Now backtracking on PEC 37, the senate is passing a tough law on corruption that raises the minimum sentence from two to four years, as well as classifying it as a “heinous crime.” Whether or not corrupt politicians will actually be tried, convicted, and jailed under the law remains ambiguous, especially given that the politicians convicted in the Mensalao case remain free. The other promises on education, health, public transportation, and fiscal responsibility remain just that for now: promises.

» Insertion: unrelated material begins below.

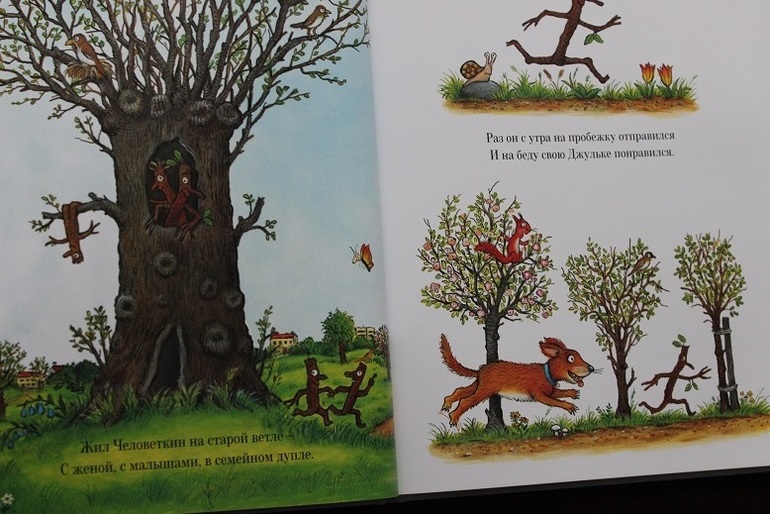 А иллюстрации Акселя Шеффлера - знаю, кому-то они не нравятся, есть и такие и я могу их понять - но меня они привели в восторг. Где-то в душе мне все-таки лет шесть, вероятно)) И в первую очередь, они мне показались идеальными по цветам. Книга яркая, контрастная, но не кислотная и не слишком пестрая. Цвета сдержанные, но насыщенные. Глазам очень приятно - и я думаю, не устану читать эту книгу никогда :)
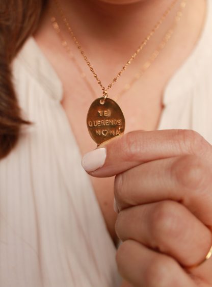 El collar Mamá Ovalado con Textura personalizado en el reverso, es un collar muy elegante y único que puedes personalizar con el mensaje que tú desees:  Te queremos Mamá u otro mensaje, nombre o frase especial que quieras. Es un diseño único que hacemos en nuestro taller a través de una técnica artesanal para conseguir esa textura inigualable. Una joya que le acompañará siempre y le recordará en todo momento el amor que sientes por los tuyos.

One of the most powerful moments from the protest: kneeling in 
solidarity for those arrested in the protests in Brazil

Such promises do not appear to be enough for Brazilians, 50,000 of whom took to the streets of Belo Horizonte yesterday. The protests have been compared to the Arab Awakening or the protests in Turkey, but in reality they are quite different. Brazil’s economy has been growing at a rate unheard of in the Arab world, and the growth has yet to make an impact in most Brazilians’ lives. For those who live in poverty, the site of politicians in Lamborghinis driving through their impoverished neighborhoods only serves to increase the sense of disaffection with the government. In reality, Brazil is more akin to China than the countries of the Middle East; there, too, economic growth has not been evenly distributed throughout the population, leading to dissatisfaction and anger at the government.

Remember, remember....

The question remains whether or not Roussef’s government will actually implement the changes it has proposed. It is better equipped than the government of Turkey to address many of the grievances, especially given the discovery of oil fields estimated to contain billions of barrels of crude in the last few years. The injection of cash into health and education programs could actually foster improvement in Brazilians’ lives. Yet as many governments have shown before, the oil money could also lead to a resource curse that would see increased corruption, lack of innovation, and an eventual end to the cash flow when the oil dries up. For many in Brazil, this curse seems to be much more likely than an already corrupt government cleaning up its act.